→ **TASK INSTRUCTIONS**: Filter the listing below, keeping every line that holds "added".

→ **MATERIALS PROVIDED**:
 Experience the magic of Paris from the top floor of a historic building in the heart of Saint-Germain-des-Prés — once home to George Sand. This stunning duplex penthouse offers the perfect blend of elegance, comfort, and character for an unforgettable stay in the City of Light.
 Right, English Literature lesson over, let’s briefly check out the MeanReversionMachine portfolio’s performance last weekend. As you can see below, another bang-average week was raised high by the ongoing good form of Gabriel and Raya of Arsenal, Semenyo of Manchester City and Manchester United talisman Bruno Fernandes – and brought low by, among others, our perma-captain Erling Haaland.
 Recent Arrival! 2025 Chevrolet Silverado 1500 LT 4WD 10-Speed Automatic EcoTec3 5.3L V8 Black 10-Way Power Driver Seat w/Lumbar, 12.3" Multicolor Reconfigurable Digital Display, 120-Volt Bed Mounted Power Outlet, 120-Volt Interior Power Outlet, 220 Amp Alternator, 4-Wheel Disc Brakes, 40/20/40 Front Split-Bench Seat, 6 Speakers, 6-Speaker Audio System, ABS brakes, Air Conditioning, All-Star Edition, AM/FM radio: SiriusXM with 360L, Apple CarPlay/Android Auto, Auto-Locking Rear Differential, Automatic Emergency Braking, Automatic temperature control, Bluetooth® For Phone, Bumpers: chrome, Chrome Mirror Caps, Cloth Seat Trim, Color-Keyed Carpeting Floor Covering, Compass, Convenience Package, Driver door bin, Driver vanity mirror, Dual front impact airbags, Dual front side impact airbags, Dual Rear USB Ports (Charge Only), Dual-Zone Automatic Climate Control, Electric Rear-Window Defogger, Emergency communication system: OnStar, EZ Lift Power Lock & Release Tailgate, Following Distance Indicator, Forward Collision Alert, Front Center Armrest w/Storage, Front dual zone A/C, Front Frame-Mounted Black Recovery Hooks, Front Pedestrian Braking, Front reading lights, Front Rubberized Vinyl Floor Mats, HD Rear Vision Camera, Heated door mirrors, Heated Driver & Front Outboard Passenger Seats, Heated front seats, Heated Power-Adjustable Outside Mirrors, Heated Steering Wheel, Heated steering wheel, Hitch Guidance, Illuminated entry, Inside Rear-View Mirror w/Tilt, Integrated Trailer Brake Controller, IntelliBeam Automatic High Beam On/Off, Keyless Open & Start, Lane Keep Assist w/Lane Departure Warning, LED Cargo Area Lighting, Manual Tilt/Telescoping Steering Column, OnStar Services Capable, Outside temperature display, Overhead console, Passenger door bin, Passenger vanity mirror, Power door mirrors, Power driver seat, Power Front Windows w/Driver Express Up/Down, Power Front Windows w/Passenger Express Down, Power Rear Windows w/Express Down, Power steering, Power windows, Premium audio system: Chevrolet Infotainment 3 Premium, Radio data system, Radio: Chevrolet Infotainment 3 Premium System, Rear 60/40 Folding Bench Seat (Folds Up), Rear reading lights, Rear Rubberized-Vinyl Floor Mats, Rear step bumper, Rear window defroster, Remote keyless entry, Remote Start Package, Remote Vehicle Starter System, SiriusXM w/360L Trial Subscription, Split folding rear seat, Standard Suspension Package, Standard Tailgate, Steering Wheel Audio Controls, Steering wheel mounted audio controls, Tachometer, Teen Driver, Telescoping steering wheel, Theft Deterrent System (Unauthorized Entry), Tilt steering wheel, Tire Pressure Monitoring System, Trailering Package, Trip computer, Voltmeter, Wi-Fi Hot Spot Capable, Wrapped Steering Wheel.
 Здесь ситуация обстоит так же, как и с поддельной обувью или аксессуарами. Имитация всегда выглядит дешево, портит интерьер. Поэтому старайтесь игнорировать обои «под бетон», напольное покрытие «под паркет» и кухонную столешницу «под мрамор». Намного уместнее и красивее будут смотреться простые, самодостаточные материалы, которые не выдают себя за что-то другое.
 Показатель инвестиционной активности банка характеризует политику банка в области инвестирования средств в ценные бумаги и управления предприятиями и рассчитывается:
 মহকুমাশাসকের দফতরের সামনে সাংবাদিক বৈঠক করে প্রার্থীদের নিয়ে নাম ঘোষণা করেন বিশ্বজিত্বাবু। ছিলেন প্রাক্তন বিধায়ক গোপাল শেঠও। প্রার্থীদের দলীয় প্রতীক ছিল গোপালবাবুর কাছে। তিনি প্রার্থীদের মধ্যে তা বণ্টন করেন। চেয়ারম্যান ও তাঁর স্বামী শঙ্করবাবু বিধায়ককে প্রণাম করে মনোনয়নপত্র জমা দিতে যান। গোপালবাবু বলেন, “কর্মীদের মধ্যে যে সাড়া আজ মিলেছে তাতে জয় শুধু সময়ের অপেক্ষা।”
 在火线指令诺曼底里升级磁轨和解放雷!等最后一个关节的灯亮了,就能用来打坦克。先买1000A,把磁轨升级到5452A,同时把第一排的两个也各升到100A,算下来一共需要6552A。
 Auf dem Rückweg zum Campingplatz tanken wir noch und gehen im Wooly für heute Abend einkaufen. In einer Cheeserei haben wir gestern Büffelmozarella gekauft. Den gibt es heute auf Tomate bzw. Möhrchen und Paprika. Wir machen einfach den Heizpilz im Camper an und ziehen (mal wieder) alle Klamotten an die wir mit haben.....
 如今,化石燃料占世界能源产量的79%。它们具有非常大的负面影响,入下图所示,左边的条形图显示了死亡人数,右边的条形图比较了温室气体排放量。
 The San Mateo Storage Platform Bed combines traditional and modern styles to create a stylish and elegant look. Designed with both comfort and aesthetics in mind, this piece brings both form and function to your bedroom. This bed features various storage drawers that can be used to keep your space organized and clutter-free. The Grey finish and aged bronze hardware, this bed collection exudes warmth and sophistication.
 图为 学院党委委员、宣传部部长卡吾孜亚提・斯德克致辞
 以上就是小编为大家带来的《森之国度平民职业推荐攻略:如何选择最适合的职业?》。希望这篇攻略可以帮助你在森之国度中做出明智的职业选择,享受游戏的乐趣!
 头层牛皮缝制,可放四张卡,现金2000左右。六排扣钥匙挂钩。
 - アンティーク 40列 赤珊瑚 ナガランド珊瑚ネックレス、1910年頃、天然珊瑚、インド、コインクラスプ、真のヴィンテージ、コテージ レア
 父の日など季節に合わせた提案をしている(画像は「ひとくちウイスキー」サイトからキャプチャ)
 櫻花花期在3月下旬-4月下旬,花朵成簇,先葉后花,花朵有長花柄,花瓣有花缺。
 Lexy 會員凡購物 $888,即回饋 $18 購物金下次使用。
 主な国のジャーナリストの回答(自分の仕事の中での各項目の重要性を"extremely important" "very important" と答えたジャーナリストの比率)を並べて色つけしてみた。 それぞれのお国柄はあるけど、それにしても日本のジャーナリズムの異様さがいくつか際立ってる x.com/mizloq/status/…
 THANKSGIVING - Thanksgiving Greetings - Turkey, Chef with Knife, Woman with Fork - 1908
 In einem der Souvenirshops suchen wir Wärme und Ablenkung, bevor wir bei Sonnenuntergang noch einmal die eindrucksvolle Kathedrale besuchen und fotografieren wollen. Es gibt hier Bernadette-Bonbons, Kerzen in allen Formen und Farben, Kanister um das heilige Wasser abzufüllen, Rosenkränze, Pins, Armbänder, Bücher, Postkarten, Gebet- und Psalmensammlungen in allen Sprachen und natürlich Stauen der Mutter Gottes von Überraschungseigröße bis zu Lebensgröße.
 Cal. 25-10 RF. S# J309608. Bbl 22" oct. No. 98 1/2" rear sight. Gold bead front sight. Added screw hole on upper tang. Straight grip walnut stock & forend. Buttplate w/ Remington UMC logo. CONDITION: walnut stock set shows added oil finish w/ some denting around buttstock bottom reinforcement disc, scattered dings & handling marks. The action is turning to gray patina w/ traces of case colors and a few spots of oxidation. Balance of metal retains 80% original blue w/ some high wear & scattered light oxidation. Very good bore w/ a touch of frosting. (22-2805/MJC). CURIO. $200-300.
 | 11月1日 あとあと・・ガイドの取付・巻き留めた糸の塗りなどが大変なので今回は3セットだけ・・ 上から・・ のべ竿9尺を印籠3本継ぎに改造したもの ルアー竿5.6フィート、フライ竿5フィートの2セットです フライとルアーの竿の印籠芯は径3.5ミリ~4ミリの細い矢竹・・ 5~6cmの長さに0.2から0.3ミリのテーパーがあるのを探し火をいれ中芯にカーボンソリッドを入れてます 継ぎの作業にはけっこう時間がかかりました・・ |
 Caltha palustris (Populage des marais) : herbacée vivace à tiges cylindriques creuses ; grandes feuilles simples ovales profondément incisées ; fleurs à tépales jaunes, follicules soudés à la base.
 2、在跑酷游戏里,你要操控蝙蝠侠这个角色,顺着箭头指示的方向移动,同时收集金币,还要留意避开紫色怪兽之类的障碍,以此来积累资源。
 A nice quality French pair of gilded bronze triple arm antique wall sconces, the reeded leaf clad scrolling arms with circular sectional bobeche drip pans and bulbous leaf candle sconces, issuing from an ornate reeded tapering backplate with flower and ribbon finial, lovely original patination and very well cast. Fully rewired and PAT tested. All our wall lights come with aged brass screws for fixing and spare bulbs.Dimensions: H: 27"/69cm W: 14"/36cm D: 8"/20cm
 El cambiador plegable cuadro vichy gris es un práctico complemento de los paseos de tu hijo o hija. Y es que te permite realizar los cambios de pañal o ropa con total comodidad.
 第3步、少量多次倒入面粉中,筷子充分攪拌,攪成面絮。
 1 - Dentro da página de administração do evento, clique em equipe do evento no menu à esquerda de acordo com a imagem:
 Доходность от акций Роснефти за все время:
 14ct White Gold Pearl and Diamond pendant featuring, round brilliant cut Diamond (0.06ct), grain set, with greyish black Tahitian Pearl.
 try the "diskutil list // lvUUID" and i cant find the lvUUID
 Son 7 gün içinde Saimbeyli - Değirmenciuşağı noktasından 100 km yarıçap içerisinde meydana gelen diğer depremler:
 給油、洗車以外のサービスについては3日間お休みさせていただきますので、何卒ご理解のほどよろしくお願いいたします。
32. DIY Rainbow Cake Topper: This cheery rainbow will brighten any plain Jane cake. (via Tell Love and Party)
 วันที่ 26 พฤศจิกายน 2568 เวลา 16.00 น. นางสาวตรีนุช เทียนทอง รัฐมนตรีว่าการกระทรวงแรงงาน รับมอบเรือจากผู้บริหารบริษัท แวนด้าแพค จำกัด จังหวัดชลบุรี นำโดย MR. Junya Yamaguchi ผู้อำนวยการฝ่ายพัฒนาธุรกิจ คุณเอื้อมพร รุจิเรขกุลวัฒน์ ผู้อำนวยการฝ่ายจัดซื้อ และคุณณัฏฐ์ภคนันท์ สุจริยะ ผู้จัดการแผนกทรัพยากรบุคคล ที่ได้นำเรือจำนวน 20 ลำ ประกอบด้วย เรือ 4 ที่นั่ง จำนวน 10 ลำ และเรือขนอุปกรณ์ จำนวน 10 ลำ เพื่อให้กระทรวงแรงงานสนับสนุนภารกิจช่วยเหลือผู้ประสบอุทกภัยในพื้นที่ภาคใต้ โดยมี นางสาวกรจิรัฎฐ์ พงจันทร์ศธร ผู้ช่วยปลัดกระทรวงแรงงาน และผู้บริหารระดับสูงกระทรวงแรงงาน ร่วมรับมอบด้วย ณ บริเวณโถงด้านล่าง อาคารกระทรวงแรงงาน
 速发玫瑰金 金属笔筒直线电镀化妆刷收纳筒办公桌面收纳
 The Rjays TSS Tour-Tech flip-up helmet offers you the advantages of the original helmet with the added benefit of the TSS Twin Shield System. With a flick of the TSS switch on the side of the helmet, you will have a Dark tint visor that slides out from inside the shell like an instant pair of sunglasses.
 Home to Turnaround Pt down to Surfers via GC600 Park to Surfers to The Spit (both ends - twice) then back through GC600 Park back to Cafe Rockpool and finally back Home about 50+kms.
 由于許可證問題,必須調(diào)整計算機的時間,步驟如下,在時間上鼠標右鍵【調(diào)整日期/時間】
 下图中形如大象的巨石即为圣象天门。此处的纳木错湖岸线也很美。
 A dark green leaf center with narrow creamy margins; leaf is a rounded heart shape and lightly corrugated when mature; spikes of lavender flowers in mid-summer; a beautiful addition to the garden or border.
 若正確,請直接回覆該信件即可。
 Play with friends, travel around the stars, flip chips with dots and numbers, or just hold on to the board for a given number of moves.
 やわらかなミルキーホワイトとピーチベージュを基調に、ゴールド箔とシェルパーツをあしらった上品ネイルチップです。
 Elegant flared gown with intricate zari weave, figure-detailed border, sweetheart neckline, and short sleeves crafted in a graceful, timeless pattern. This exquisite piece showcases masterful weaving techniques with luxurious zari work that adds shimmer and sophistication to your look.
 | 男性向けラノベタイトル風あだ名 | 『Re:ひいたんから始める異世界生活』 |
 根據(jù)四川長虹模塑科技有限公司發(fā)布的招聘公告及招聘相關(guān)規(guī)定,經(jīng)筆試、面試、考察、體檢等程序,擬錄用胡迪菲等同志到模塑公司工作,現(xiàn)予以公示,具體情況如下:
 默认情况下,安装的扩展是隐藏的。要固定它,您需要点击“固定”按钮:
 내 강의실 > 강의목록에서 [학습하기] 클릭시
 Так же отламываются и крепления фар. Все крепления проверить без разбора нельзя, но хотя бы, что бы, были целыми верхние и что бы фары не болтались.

→ **WRITTEN ANSWER**:
 Cal. 25-10 RF. S# J309608. Bbl 22" oct. No. 98 1/2" rear sight. Gold bead front sight. Added screw hole on upper tang. Straight grip walnut stock & forend. Buttplate w/ Remington UMC logo. CONDITION: walnut stock set shows added oil finish w/ some denting around buttstock bottom reinforcement disc, scattered dings & handling marks. The action is turning to gray patina w/ traces of case colors and a few spots of oxidation. Balance of metal retains 80% original blue w/ some high wear & scattered light oxidation. Very good bore w/ a touch of frosting. (22-2805/MJC). CURIO. $200-300.
 The Rjays TSS Tour-Tech flip-up helmet offers you the advantages of the original helmet with the added benefit of the TSS Twin Shield System. With a flick of the TSS switch on the side of the helmet, you will have a Dark tint visor that slides out from inside the shell like an instant pair of sunglasses.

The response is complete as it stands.